Each entry must come back word for word; drop the images as you go.

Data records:
══════════
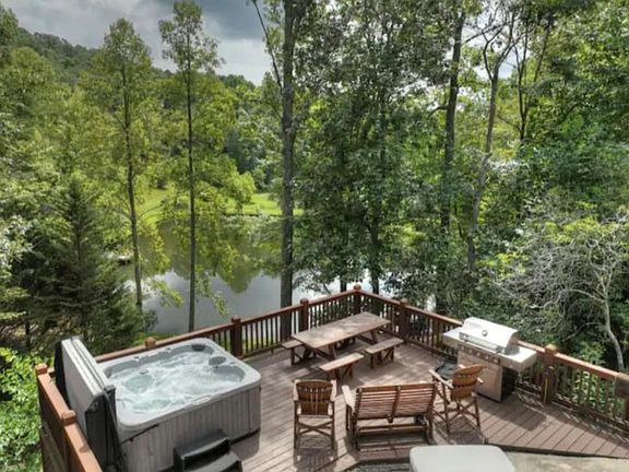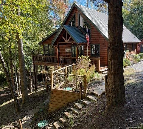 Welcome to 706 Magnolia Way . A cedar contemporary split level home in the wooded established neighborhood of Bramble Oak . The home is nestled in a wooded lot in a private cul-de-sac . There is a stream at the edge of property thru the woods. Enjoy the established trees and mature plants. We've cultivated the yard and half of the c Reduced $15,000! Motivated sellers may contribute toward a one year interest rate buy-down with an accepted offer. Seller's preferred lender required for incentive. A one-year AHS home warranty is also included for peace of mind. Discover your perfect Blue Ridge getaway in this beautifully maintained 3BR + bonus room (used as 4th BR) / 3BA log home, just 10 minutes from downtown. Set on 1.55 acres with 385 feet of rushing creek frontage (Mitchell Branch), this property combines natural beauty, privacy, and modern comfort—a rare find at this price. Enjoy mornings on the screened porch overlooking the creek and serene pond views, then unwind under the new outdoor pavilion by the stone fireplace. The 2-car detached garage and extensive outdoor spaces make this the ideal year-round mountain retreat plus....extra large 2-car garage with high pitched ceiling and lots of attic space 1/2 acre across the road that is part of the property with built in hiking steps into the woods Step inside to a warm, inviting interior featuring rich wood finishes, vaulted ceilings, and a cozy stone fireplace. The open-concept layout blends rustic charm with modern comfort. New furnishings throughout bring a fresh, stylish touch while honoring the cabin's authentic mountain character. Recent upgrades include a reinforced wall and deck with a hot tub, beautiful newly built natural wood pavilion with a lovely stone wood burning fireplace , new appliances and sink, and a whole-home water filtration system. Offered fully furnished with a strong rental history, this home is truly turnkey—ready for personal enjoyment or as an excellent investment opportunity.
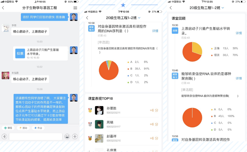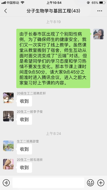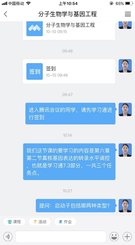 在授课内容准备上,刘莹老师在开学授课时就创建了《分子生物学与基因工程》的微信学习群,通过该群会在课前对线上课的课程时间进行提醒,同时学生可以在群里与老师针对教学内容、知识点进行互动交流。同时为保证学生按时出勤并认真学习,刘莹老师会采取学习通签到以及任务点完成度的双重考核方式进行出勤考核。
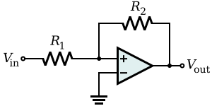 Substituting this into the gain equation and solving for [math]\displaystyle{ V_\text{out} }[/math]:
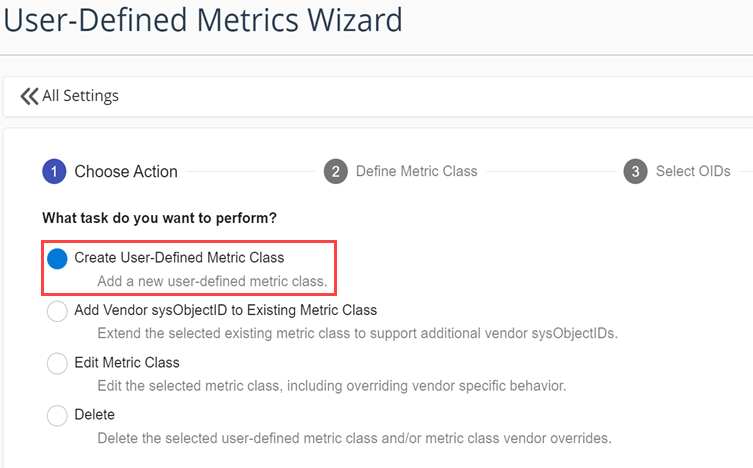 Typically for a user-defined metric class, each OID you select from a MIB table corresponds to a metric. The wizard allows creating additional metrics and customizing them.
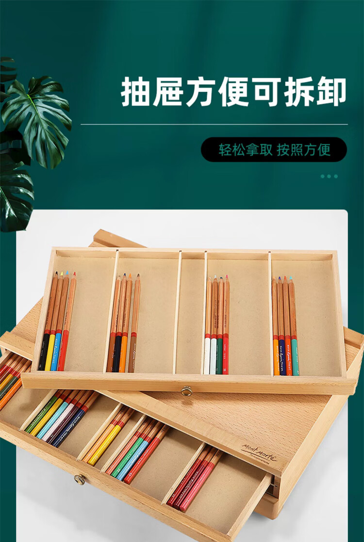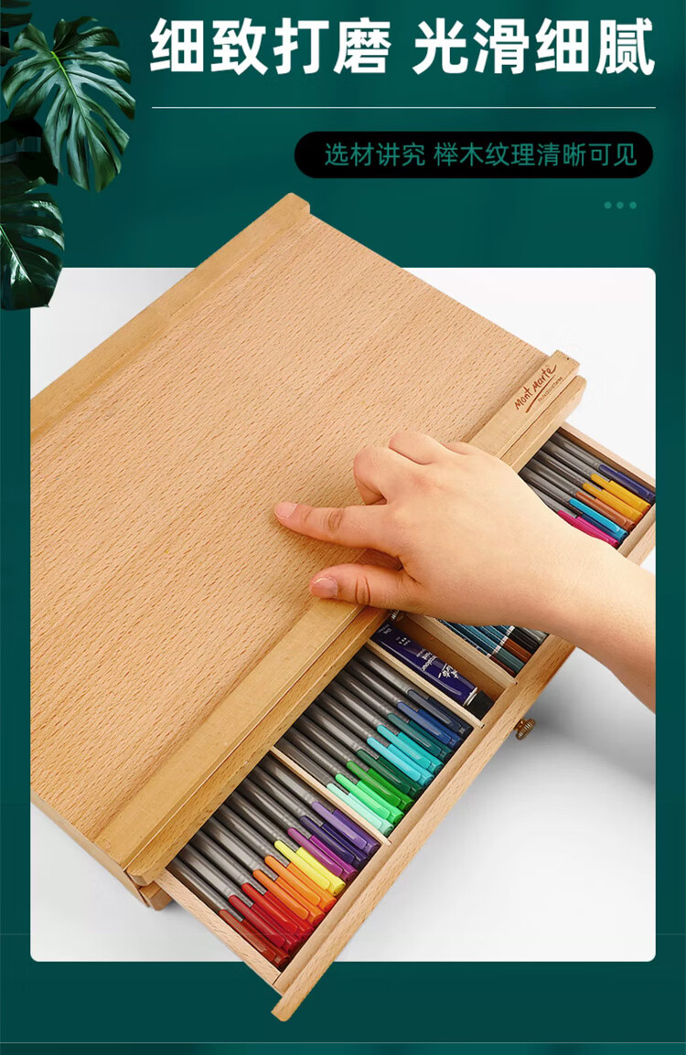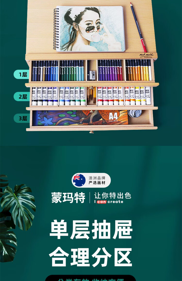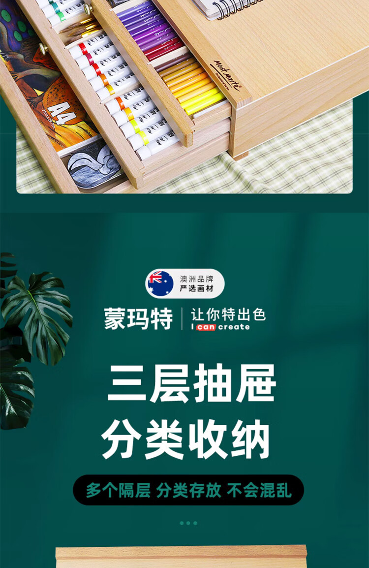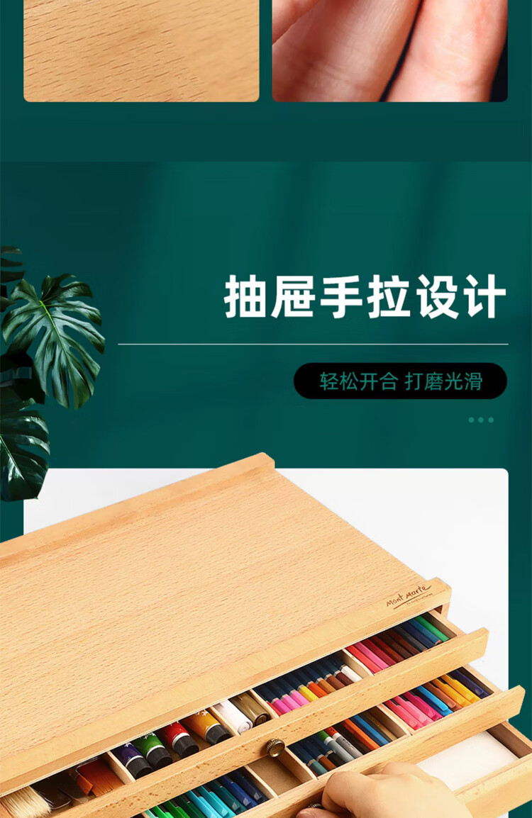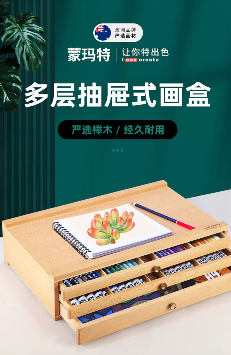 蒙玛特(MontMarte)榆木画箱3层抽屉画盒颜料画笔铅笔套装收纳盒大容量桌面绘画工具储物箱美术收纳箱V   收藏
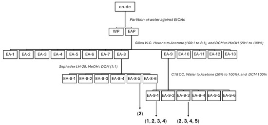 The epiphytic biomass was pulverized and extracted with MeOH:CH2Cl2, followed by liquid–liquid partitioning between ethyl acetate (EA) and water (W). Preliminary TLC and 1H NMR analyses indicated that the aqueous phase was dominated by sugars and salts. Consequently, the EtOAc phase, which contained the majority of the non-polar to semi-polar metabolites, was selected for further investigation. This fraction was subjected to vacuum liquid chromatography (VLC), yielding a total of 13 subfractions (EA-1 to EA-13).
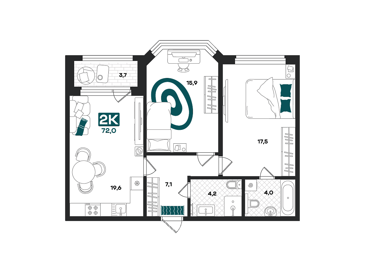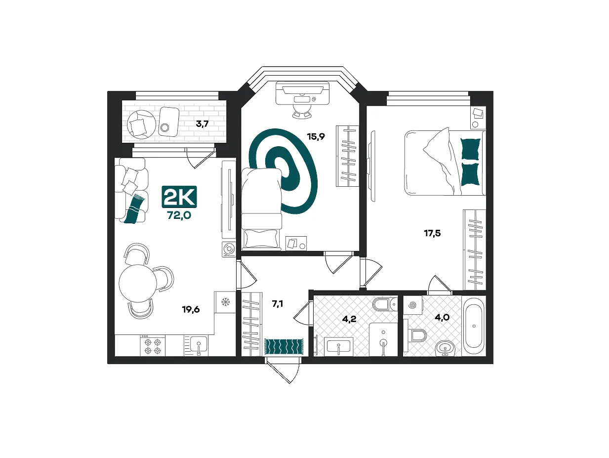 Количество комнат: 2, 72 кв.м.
══════════
*Exercise result*.
 Welcome to 706 Magnolia Way . A cedar contemporary split level home in the wooded established neighborhood of Bramble Oak . The home is nestled in a wooded lot in a private cul-de-sac . There is a stream at the edge of property thru the woods. Enjoy the established trees and mature plants. We've cultivated the yard and half of the c Reduced $15,000! Motivated sellers may contribute toward a one year interest rate buy-down with an accepted offer. Seller's preferred lender required for incentive. A one-year AHS home warranty is also included for peace of mind. Discover your perfect Blue Ridge getaway in this beautifully maintained 3BR + bonus room (used as 4th BR) / 3BA log home, just 10 minutes from downtown. Set on 1.55 acres with 385 feet of rushing creek frontage (Mitchell Branch), this property combines natural beauty, privacy, and modern comfort—a rare find at this price. Enjoy mornings on the screened porch overlooking the creek and serene pond views, then unwind under the new outdoor pavilion by the stone fireplace. The 2-car detached garage and extensive outdoor spaces make this the ideal year-round mountain retreat plus....extra large 2-car garage with high pitched ceiling and lots of attic space 1/2 acre across the road that is part of the property with built in hiking steps into the woods Step inside to a warm, inviting interior featuring rich wood finishes, vaulted ceilings, and a cozy stone fireplace. The open-concept layout blends rustic charm with modern comfort. New furnishings throughout bring a fresh, stylish touch while honoring the cabin's authentic mountain character. Recent upgrades include a reinforced wall and deck with a hot tub, beautiful newly built natural wood pavilion with a lovely stone wood burning fireplace , new appliances and sink, and a whole-home water filtration system. Offered fully furnished with a strong rental history, this home is truly turnkey—ready for personal enjoyment or as an excellent investment opportunity.
 在授课内容准备上,刘莹老师在开学授课时就创建了《分子生物学与基因工程》的微信学习群,通过该群会在课前对线上课的课程时间进行提醒,同时学生可以在群里与老师针对教学内容、知识点进行互动交流。同时为保证学生按时出勤并认真学习,刘莹老师会采取学习通签到以及任务点完成度的双重考核方式进行出勤考核。
 Substituting this into the gain equation and solving for [math]\displaystyle{ V_\text{out} }[/math]:
 Typically for a user-defined metric class, each OID you select from a MIB table corresponds to a metric. The wizard allows creating additional metrics and customizing them.
 蒙玛特(MontMarte)榆木画箱3层抽屉画盒颜料画笔铅笔套装收纳盒大容量桌面绘画工具储物箱美术收纳箱V   收藏
 The epiphytic biomass was pulverized and extracted with MeOH:CH2Cl2, followed by liquid–liquid partitioning between ethyl acetate (EA) and water (W). Preliminary TLC and 1H NMR analyses indicated that the aqueous phase was dominated by sugars and salts. Consequently, the EtOAc phase, which contained the majority of the non-polar to semi-polar metabolites, was selected for further investigation. This fraction was subjected to vacuum liquid chromatography (VLC), yielding a total of 13 subfractions (EA-1 to EA-13).
 Количество комнат: 2, 72 кв.м.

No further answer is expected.